The Pros and Cons of Business Invoice Financing
Contrary to popular belief, business invoice financing is not a business loan, but rather an advance against your business’ pending invoices – money your customers already owe you. Through this process, you sell your outstanding invoices to a factoring company, and the factor will pay you a lump sum – typically 70%-90% of the total value of your invoices. Once received, the funds can then immediately be used as working capital. The factoring company collects payment for the invoices and typically charges a small fee for the services rendered.
There are many reasons why business owners apply for invoice financing, but just like any other type of financing, it has its own set of pros and cons.
Pros of Business Invoice Financing
Higher Rate of Approval: Unlike traditional business loans, credit score, loan history, and collateral are not major determining factors for invoice factoring. The pending invoices act as collateral, which means the factoring companies are more concerned with your customers’ payment history, as opposed to yours.
Outsourcing: Keeping track of your invoices and contacting customers can be taxing. With invoice financing, the factoring company will be the one to keep track of your invoices, leaving you with added time to focus on more important tasks.
Continuous Cash Flow: As long as your business has pending invoices, you can continue to use invoice factoring. Instead of waiting months to receive payment on outstanding invoices, you can receive the money on your terms which enables you to maintain steadier cash flow.
Immediate Cash Flow: The process of applying for traditional business loans is long and tedious – sometimes it takes months before you’re approved. Invoice factoring offers immediate access to cash, ensuring your business operations continue to run smoothly.
Grows with Your Business: Unlike traditional term loans that only offer a one-time solution, your invoice financing line increases as your business grows. The invoice financing line is tied to the value of your invoices. As a result, it can easily increase as your invoices increase in value, given that your clients remain creditworthy. This financing option is great for rapidly growing companies needing financing to keep up with the rate of growth.
Customer-Reliant: Lenders may not be too particular about your business’ financial history, but they will take your customers’ payment history into consideration before approving your application.

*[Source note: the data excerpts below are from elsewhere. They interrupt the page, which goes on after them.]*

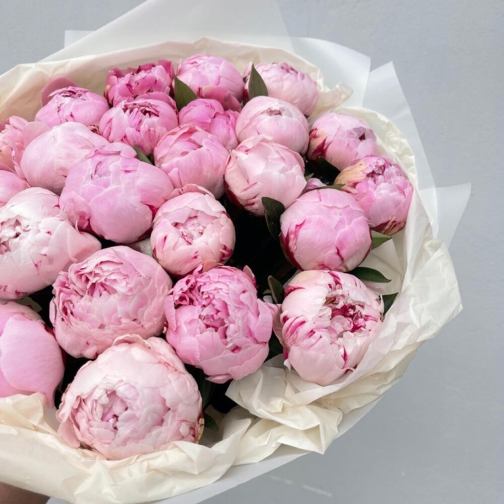 Пион розовый – 25 шт.Упаковка дизайнерская – 2 шт.Лента атласная – 2 шт.Открыточка с вашими пожеланиями – 1 шт.хорошее настроение – 100 шт.инструкция по уходу за цветами – 1 шт.коробка переноска – 1 шт.Кризал – 1 шт.
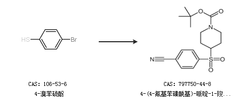 2.通过4-溴苯硫酚合成4-(4-氰基苯磺酰基)-哌啶-1-羧酸叔丁酯
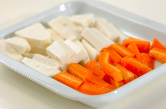 大和芋は皮をむいて長さを半分に切り、さらに幅1cmの棒状に切る。
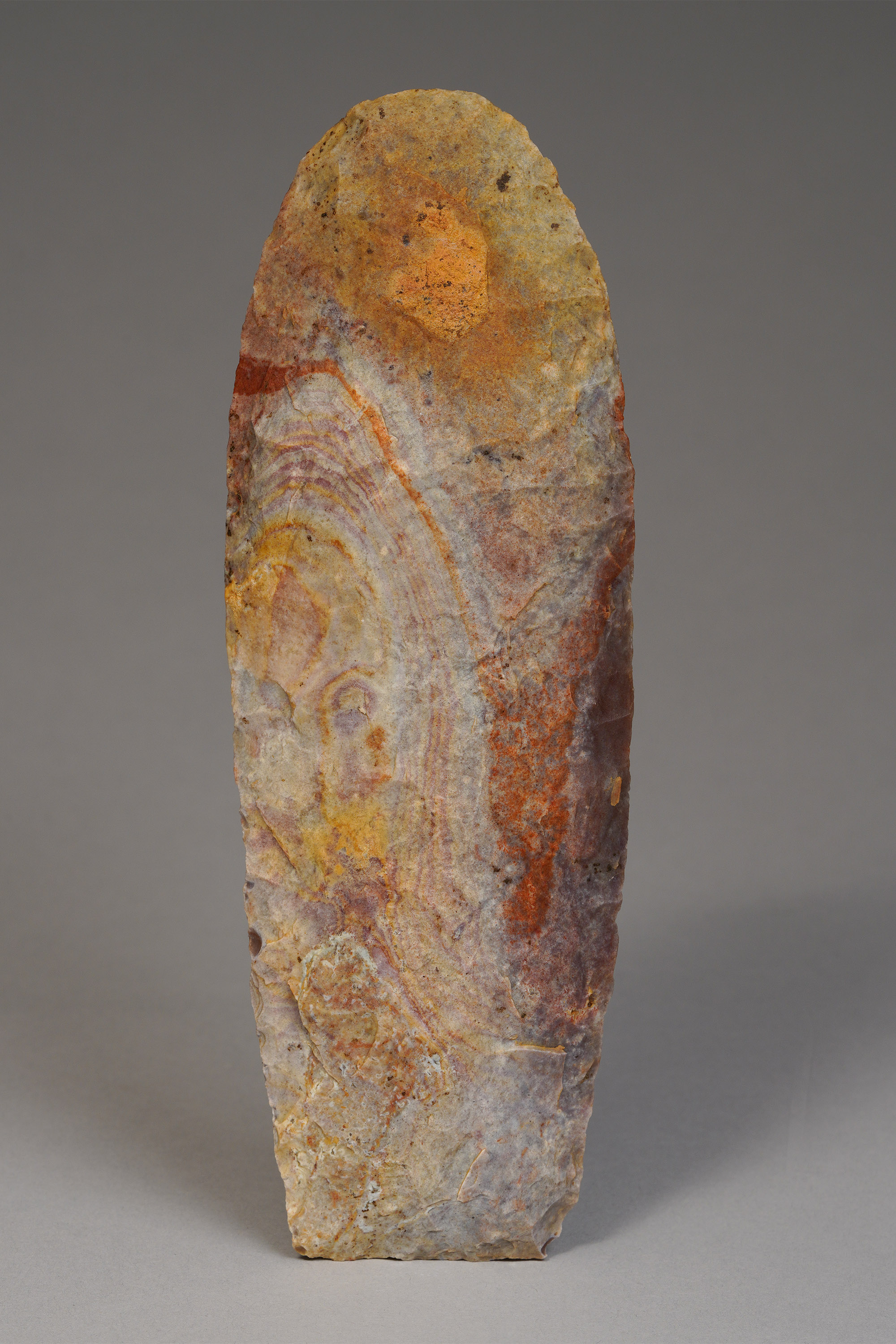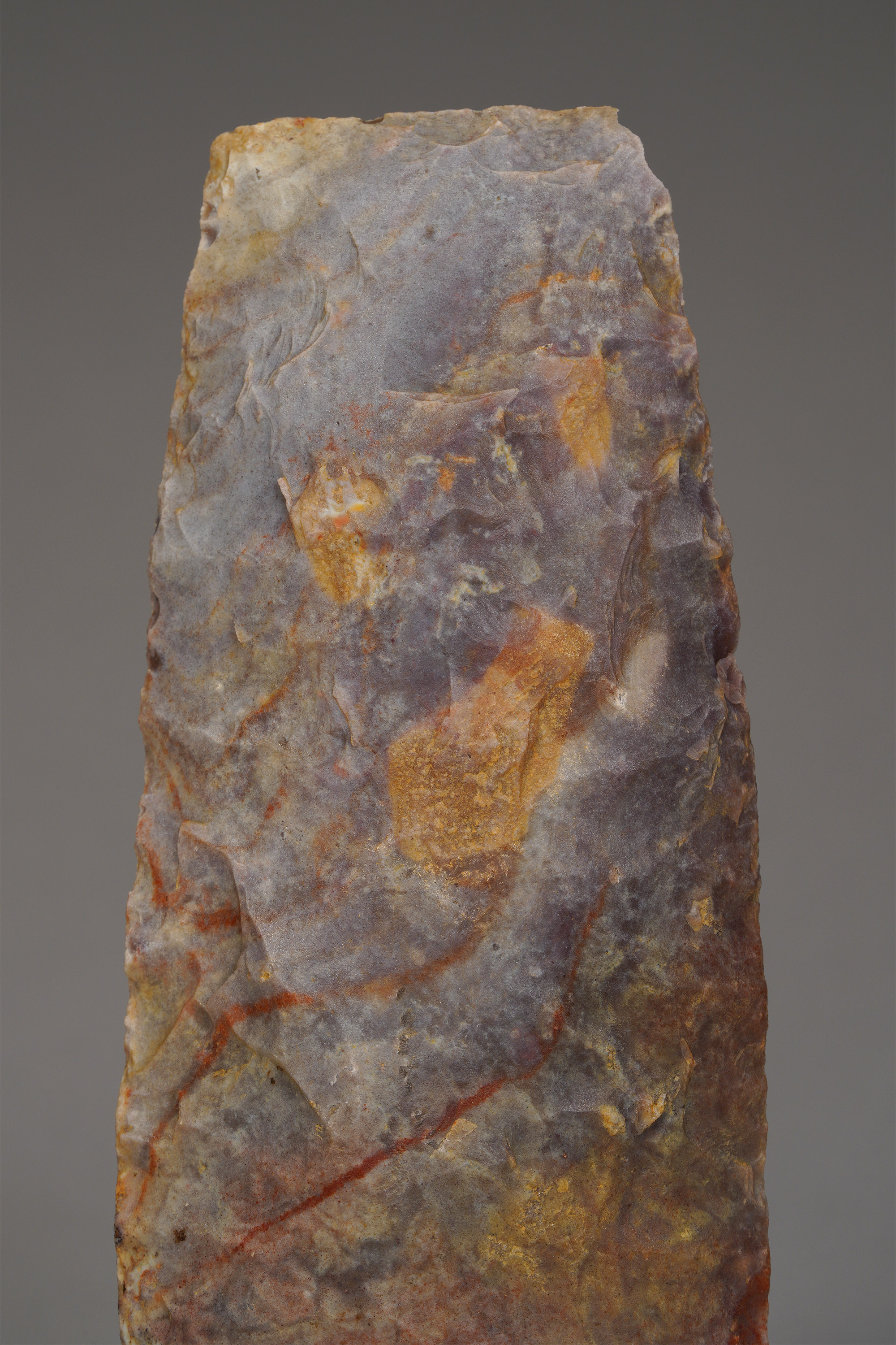 Axe blades such as this were made out of exceptionally high-quality flintstone / agate and belong to the Tenerean neolithic complex in West Africa. They are around 6000 years old. They were produced by specialized flint knappers who also made arrowheads and other tools. Most of them were found in Niger, but there were ateliers in (modern-day) neighboring countries as well. The axe blades had different shapes based on their function / purpose, and when in use they were polished and sharpened along the outer edge. Gradually the axe blades became shorter and were resharpened until they were too small to work with. Most of the axe blades found are in the first stage, simply knapped and ‘fresh’ (found in close proximity to the ateliers). When used and re-sharpened they were dispersed around a wide region, and are much more difficult to find today (Pers. communication, Michel Van Den Dries, 2025).
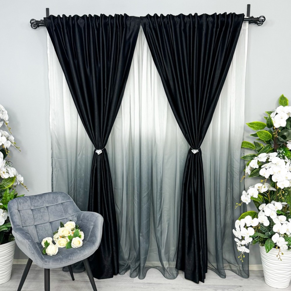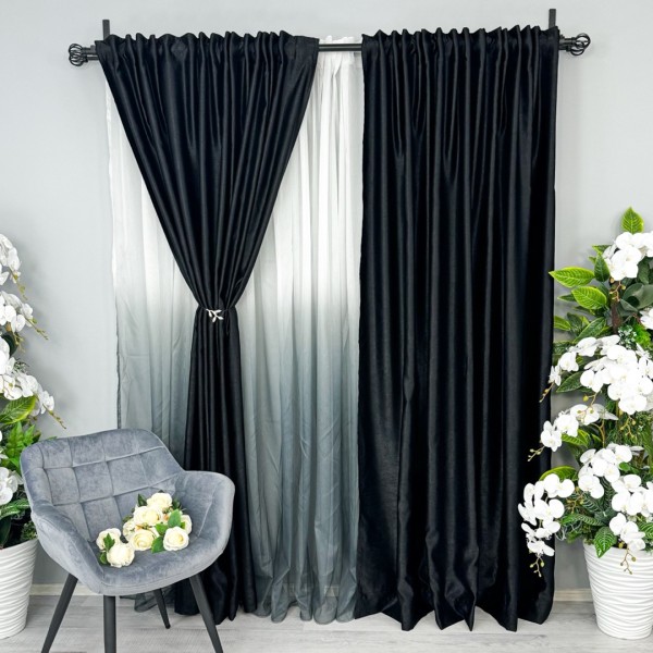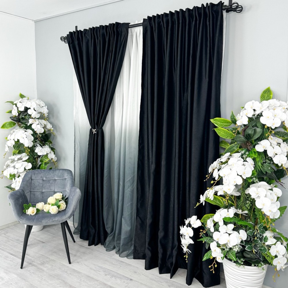 Draperie Soft Touch, Negru, 200cm latime x 232cm inactive, cu rejansa pentru bara, CumparaMisim, cod produs: CSR-DRs61A

Therefore, if your customers have a bad payment record, it could negatively impact your chances of having the factoring company take on your invoices.
Fees: Factoring companies typically charge around 1% to 5% of your invoice’s total value. Before you consider invoice financing, you need to determine whether fast access to capital is worth the fees.

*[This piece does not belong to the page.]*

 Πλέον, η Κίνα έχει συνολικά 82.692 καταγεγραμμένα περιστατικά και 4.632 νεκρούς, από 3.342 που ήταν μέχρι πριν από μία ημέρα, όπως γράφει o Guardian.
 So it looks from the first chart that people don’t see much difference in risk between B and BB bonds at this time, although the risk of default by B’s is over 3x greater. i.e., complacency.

Liability: If your customers default on their invoices, you may be held responsible. Factoring companies are not collection agencies, which means they won’t waste their time tracking down your customers who fail to pay on time. If you’re in a recourse invoice factoring agreement, you’ll bear the burden of paying for those invoices. Some factors may allow you to trade one invoice for another of the same value, but that is dependent upon the factor.
Handling Bad Debt: While financing companies take on the responsibility of collecting payments from your customers, they are not a collection agency. If a customer does not pay his/her invoice, you will be held responsible for it. Bad debt will go back to your company and if this happens, it’s best to consult an attorney or a collections agency.
Limited Control: As mentioned, invoice financing companies assume complete control over your invoices. While this isn’t a problem for many, some business owners are not comfortable having another company handle their finances. Before you apply for invoice financing, you need to assess potential factoring companies and ensure that you’re truly comfortable with them handling your invoices.
Is Invoice Financing a Better Option for Your Company?
The answer depends on the type of business you run and the number of invoices you process. Invoice financing can greatly benefit small businesses that need funds quickly. To determine whether this financing option is suitable for you, you need to assess your business.
If your late-paying customers are negatively affecting your cash flow and you don’t have enough funds to take on new projects, invoice financing may be a better option for your company. To qualify, you need to ensure that your customers are creditworthy and they have a history of on-time payments. More importantly, you need to know for sure if you are financially capable to pay for the fees that come with invoice financing.